Sharayah Colter, chief communications officer at The Danbury Institute, a nonpartisan association of Evangelical churches based in Dallas, Texas, however, stated Christians “should support earnest efforts to secure the nation and to uphold law and order.” She noted that vulnerable women and children are lured into crossing the border illegally, where they are often raped or trafficked. She also stated that requiring people to obey the laws of the land is biblical. “It is wrong to convey to people that it is OK to break the law since Scripture calls people to obey the laws of the land so far as they do not cause a person to break God’s law. When a nation passes laws, the righteous thing to do is to uphold and enforce those laws. To act otherwise is both wrong and cruel.”

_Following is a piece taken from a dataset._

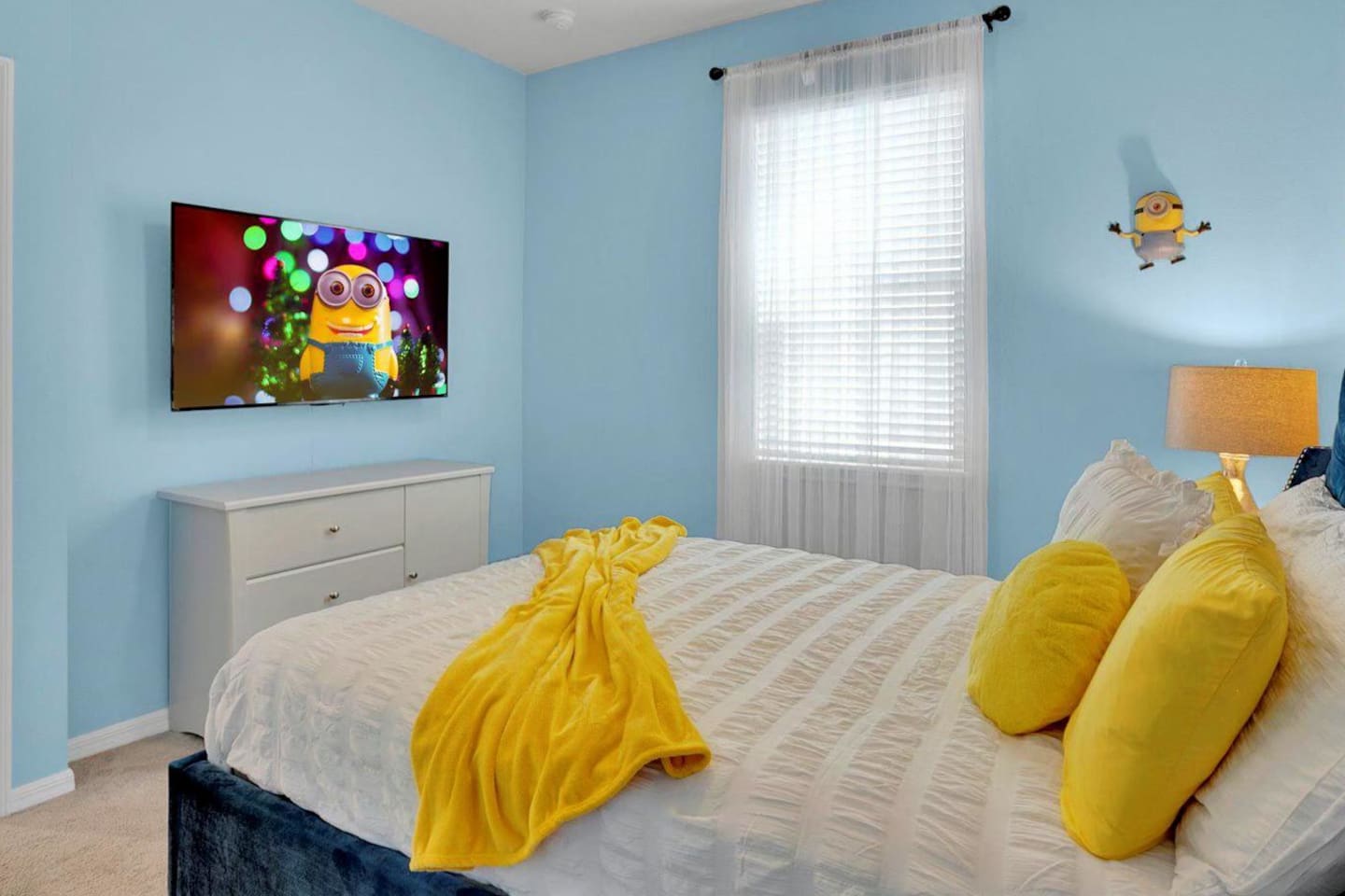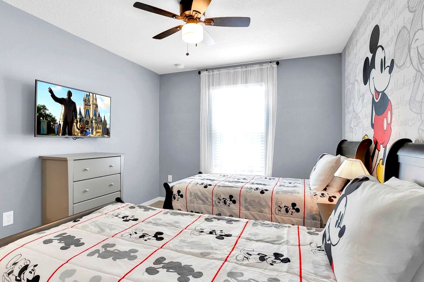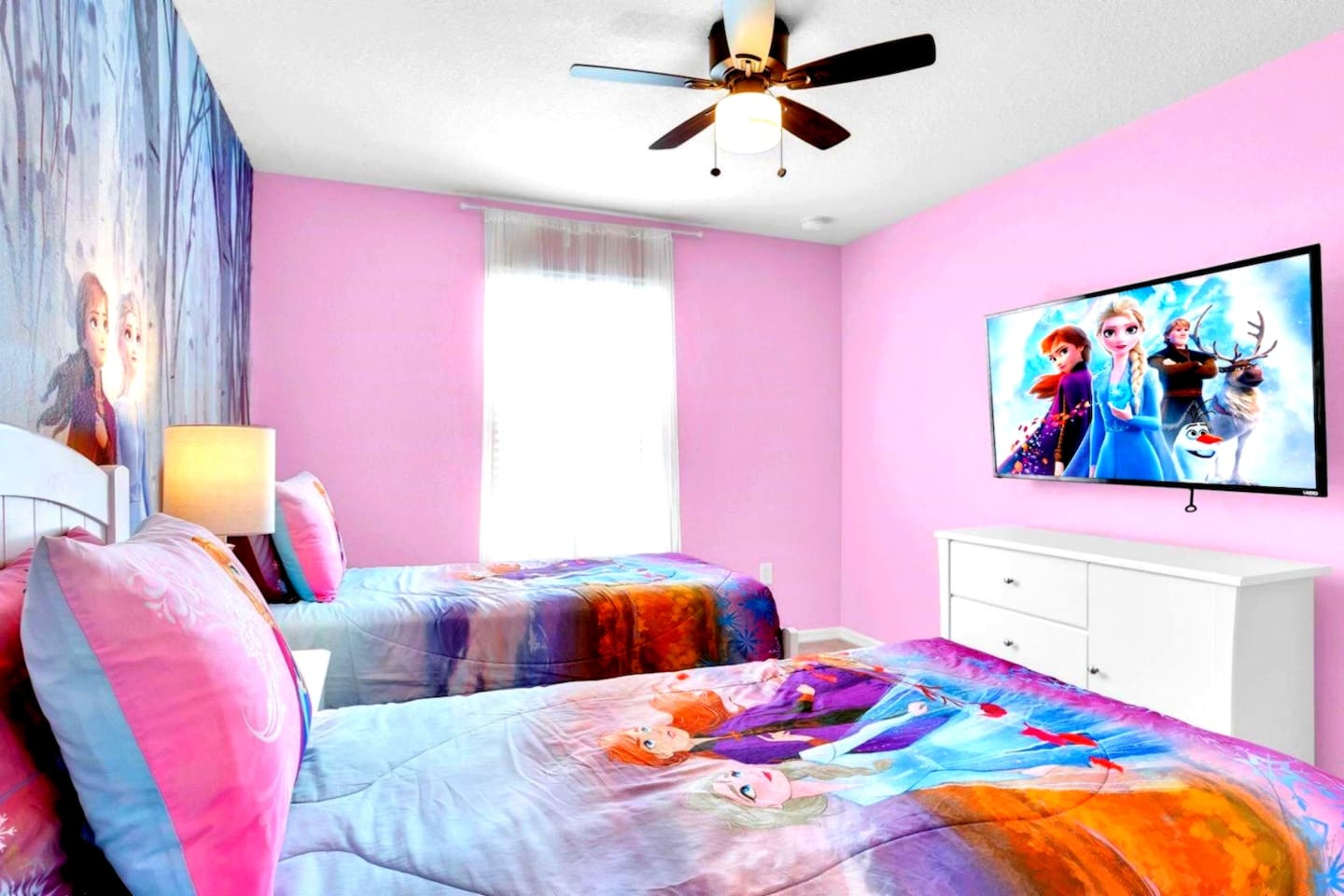 🏊♀️ Private screened pool + spa (heat available for a fee) with outdoor dining, loungers & Roku TV 🔌 Free EV Charger for your convenience ⚡ 🛏️ 5 spacious bedrooms, each with its own Smart TV, including themed rooms: ⭐ Star Wars, 💛 Minions, 🐭 Mickey & ❄️ Frozen 🎬 Open-concept living w/ 70" Smart TV for cozy movie nights 🍳 Fully equipped kitchen w/ seating for 10 indoors + lanai dining 🌴 Resort access: huge pool, splash park, gym, arcade & more 📶 Free WiFi, 🧺 washer/dryer, linens & towels provided

Krista Bontrager, known online as “Theology Mom,” and co-founder of the Center for Biblical Unity echoed Colter’s words. “One of the difficulties with our current reality is that our government has engaged in unjust behavior for so long by not consistently and impartially enforcing its border laws that it has created a climate where people think it’s normal to break the law or that they are even entitled to do it,” she wrote in a blog post. “The government has also caused considerable confusion by changing the standards and even incentivizing illegal border crossings through social programs. Straightening this out is going to be difficult and there will be a real human cost.” DeSantis plans to establish similar facilities throughout Florida, with the hope it will inspire other states to do likewise.